Assignment
Please give back word for word the lines of the material below between the line containing "Multicolor Striped Fuzzy" and the line containing "La neuvaine Animal", inclusive.

Records
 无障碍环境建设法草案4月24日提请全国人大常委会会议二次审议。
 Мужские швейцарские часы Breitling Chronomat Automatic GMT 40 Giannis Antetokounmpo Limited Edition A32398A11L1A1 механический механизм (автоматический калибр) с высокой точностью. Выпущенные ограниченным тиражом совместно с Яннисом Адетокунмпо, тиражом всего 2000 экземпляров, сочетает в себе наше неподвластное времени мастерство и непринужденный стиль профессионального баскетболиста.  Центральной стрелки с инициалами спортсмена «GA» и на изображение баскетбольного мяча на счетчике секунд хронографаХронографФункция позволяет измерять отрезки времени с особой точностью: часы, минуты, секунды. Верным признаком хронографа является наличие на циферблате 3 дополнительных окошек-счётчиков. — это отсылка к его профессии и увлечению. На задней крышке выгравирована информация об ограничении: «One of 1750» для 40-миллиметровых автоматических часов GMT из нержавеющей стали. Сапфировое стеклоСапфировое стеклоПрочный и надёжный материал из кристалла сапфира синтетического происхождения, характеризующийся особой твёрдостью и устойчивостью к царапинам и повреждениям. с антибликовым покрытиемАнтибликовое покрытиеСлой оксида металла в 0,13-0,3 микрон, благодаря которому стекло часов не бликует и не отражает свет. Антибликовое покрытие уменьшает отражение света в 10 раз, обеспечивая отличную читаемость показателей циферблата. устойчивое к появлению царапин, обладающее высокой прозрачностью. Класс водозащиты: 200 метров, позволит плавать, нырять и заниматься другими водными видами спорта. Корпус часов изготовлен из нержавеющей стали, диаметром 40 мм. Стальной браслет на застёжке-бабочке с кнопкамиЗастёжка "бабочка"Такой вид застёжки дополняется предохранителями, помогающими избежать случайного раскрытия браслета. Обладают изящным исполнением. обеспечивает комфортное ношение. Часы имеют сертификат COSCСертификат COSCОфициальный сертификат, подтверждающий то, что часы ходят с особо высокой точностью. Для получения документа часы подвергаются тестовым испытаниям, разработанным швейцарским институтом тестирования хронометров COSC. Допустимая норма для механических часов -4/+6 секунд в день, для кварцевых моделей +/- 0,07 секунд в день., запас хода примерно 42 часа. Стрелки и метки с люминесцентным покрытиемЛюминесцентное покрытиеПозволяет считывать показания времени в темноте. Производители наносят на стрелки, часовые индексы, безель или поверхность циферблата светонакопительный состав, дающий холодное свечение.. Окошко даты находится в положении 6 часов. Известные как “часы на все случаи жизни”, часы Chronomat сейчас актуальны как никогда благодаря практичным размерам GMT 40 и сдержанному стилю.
---
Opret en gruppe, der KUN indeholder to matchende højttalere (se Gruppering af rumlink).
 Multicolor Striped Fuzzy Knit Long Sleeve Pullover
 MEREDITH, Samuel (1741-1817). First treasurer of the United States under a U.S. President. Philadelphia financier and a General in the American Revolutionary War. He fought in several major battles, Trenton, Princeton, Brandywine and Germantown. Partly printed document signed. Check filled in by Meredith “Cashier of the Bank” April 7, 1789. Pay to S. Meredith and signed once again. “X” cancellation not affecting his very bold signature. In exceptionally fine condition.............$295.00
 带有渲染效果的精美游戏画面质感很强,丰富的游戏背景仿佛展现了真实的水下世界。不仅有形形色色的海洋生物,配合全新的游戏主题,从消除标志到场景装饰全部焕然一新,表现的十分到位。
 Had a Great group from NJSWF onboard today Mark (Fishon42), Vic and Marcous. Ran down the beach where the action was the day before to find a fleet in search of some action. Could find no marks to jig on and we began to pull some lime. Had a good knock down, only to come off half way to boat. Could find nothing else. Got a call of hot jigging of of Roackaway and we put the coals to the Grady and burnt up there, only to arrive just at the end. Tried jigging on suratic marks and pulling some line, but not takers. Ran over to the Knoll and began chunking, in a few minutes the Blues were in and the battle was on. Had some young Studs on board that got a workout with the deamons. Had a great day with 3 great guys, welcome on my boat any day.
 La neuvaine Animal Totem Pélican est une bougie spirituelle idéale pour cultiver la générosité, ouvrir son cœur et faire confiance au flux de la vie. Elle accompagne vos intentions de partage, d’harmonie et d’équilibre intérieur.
* * *
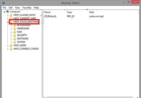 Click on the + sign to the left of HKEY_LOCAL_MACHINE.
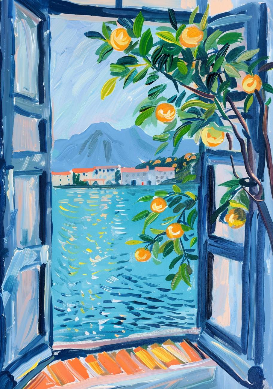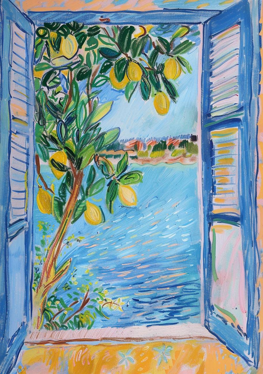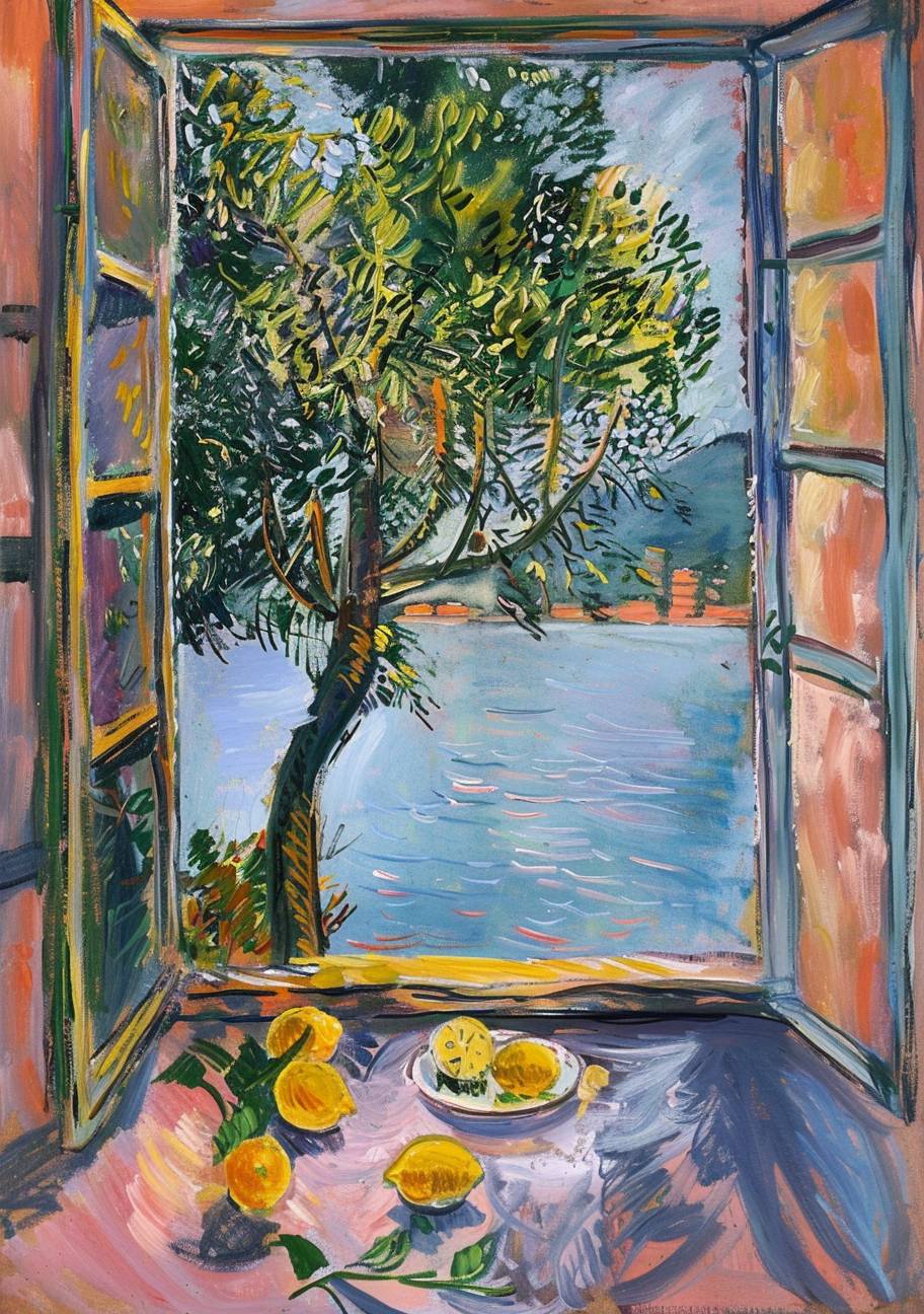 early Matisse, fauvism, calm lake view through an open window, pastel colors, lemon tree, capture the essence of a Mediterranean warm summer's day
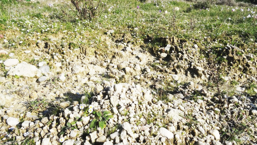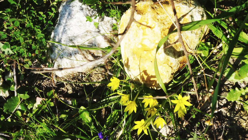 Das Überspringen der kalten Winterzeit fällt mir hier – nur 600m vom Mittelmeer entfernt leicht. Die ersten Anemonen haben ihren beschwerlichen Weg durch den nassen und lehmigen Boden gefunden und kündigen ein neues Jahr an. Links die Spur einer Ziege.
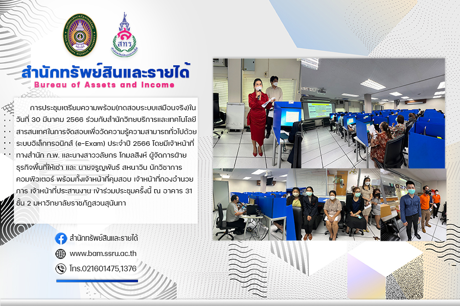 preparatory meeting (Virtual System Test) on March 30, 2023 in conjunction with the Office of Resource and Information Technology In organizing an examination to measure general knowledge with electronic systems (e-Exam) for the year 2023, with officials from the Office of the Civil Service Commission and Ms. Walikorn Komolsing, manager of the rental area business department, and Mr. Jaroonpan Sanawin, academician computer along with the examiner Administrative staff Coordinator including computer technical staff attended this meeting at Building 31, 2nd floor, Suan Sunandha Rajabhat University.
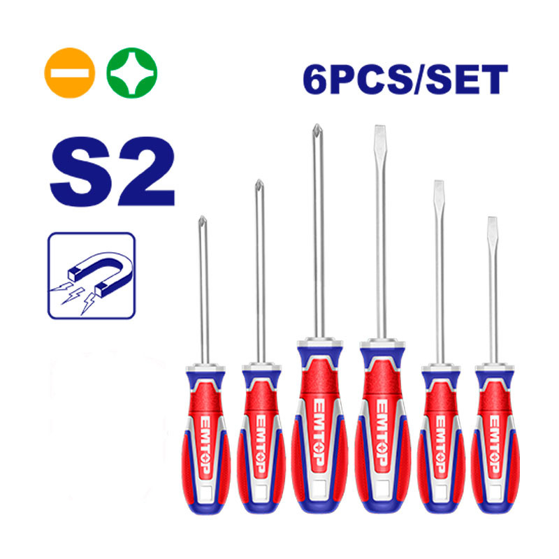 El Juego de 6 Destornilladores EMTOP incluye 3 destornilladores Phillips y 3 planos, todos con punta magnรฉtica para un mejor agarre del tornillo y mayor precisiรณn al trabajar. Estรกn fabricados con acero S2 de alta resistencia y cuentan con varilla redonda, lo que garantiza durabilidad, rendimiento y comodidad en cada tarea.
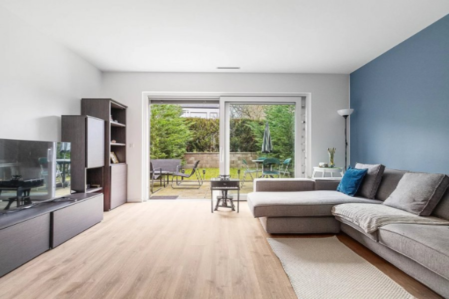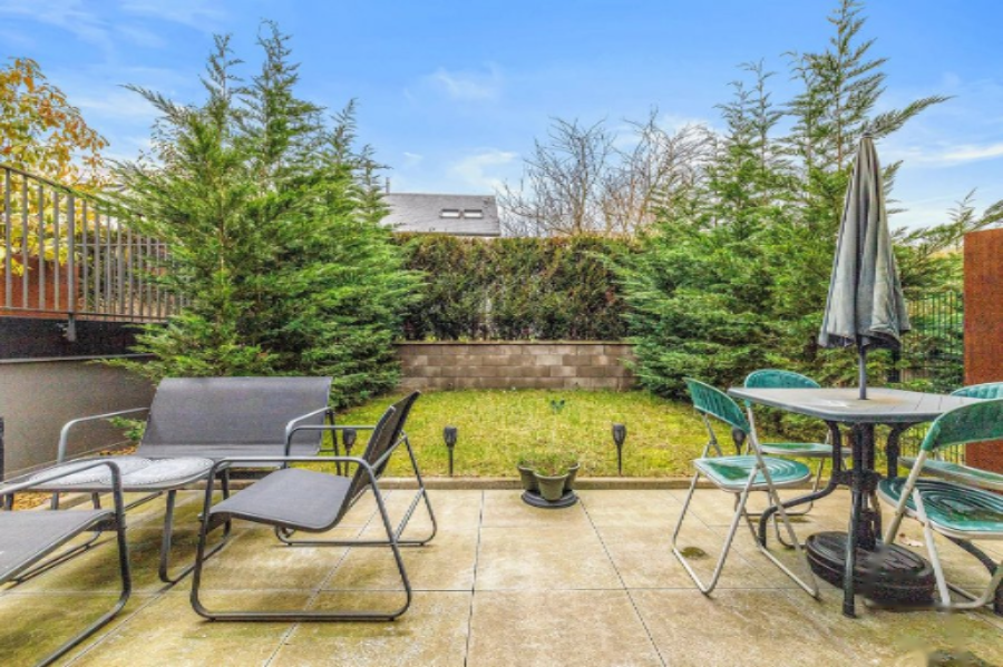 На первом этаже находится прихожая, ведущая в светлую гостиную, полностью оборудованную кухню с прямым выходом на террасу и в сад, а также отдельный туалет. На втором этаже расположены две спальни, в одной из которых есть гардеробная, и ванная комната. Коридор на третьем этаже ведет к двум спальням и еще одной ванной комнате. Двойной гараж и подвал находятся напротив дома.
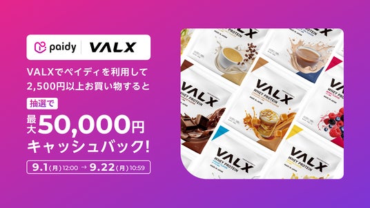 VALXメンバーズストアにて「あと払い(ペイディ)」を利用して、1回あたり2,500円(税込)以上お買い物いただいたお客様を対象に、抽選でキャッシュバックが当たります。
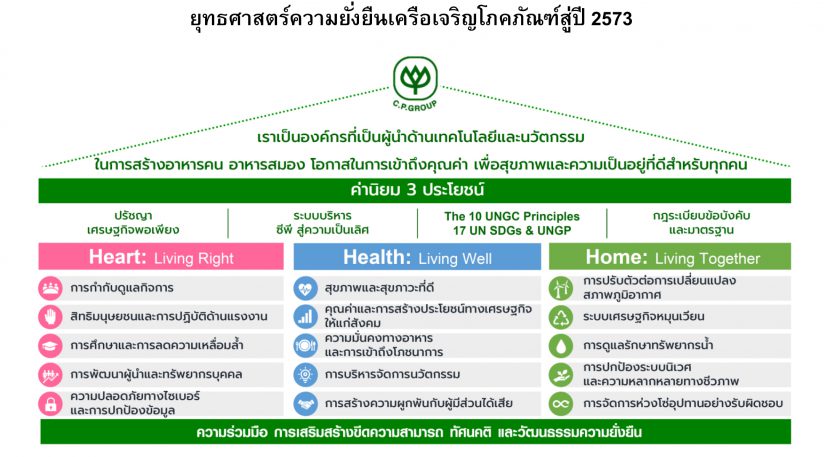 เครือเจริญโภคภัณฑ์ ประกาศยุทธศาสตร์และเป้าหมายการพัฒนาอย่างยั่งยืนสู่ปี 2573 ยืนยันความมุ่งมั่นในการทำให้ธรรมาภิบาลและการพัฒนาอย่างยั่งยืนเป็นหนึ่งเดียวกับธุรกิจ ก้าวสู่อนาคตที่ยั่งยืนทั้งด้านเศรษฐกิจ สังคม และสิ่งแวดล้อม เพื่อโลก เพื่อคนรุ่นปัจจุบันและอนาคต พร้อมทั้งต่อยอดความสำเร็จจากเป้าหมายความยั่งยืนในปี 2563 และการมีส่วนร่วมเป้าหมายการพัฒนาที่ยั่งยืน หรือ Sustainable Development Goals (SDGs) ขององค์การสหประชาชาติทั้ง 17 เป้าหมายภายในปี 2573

Final answer
 Multicolor Striped Fuzzy Knit Long Sleeve Pullover
 MEREDITH, Samuel (1741-1817). First treasurer of the United States under a U.S. President. Philadelphia financier and a General in the American Revolutionary War. He fought in several major battles, Trenton, Princeton, Brandywine and Germantown. Partly printed document signed. Check filled in by Meredith “Cashier of the Bank” April 7, 1789. Pay to S. Meredith and signed once again. “X” cancellation not affecting his very bold signature. In exceptionally fine condition.............$295.00
 带有渲染效果的精美游戏画面质感很强,丰富的游戏背景仿佛展现了真实的水下世界。不仅有形形色色的海洋生物,配合全新的游戏主题,从消除标志到场景装饰全部焕然一新,表现的十分到位。
 Had a Great group from NJSWF onboard today Mark (Fishon42), Vic and Marcous. Ran down the beach where the action was the day before to find a fleet in search of some action. Could find no marks to jig on and we began to pull some lime. Had a good knock down, only to come off half way to boat. Could find nothing else. Got a call of hot jigging of of Roackaway and we put the coals to the Grady and burnt up there, only to arrive just at the end. Tried jigging on suratic marks and pulling some line, but not takers. Ran over to the Knoll and began chunking, in a few minutes the Blues were in and the battle was on. Had some young Studs on board that got a workout with the deamons. Had a great day with 3 great guys, welcome on my boat any day.
 La neuvaine Animal Totem Pélican est une bougie spirituelle idéale pour cultiver la générosité, ouvrir son cœur et faire confiance au flux de la vie. Elle accompagne vos intentions de partage, d’harmonie et d’équilibre intérieur.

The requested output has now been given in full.